A host gives a ticket to each of the $100$ guests at his party. Each ticket has the probability $p$ of winning some prize (independent of the others).

(a) What is the probability that exactly $10$ guests win a prize?

(b) What is the expected number of guests who win a prize?

(c) What is the probability that at least $3$ guests win prizes?

Hi so so far I have attempted (a), my assumption is that since each ticket has the probability $p$ and its independent. I can say $p^{10} $chance that exactly $10$ guests win a prize.

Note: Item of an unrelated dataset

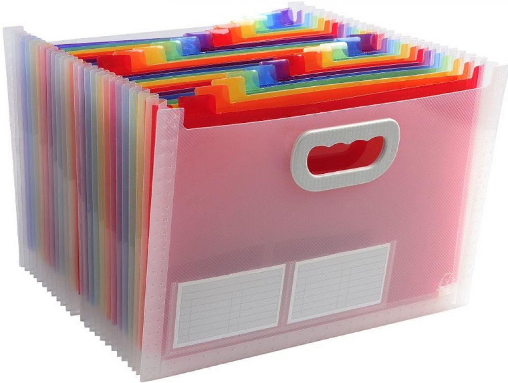 Atraktivní velkoobjemový pořadač vhodný k přehledné evidenci, uchovávání a bezpečnému přenosu dokumentů a drobných předmětů. Vnitřek rozdělen barevnými záložkami na samostatné sekce. Pořadač je opatřen pevnými rukojeťmi pro snadné přenášení. Kombinovatelné s dalšími výrobky řady Crystal. rozměry: 330 x 235 x 250 mm. Materiál: čirý PP, 1 mm, barevný PP, 0,2 mm, 24 vnitřních záložek, předtištěné a popisovatelné samolepicí barevné identifikační štítky, kapacita: 800 listů papíru (80 g), snadná údržba - omyvatelné balení: 1 ks.

With (b) the expected value will be $(1p) + (2p^2) + (3p^3)$ and so on up to $100$. I believe there should be a formula or something where I can relate this question to so I can plug in the numbers to understand the question better.

Would anyone be able to let me know what formula this question relates to.

Thank you in advance.

Answer 1

Let $X_i=0$ if the i-th guest does not win and $1$ if he wins. Let $X=\sum X_i$. Then $X$ is the number of guests who win. $X_i$'s are Bernoulli rv's and $X$ has Binomial distribution with parameters $100$ and $p$. Hence $P(X=k)=\binom {100} {k} p^{k} (1-p)^{100-k}$. Can you solve the problem using this ?

Answer 2

The independence together with the fact that all guest have the same chance to win a prize indicates that you are dealing here with binomial distribution having $n=100$ and $p$ as parameters.

You can speak of $100$ independent events that can end up in success or failure where the probability on a success (win a prize) is the same for each experiment.

If $X$ denotes the number of persons that win a prize then to be found are:

a) $P(X=10)$

b) $\mathbb EX$

c) $P(X\geq3)=1-P(X=0)-P(X=1)-P(X=2)$

I leave that to you.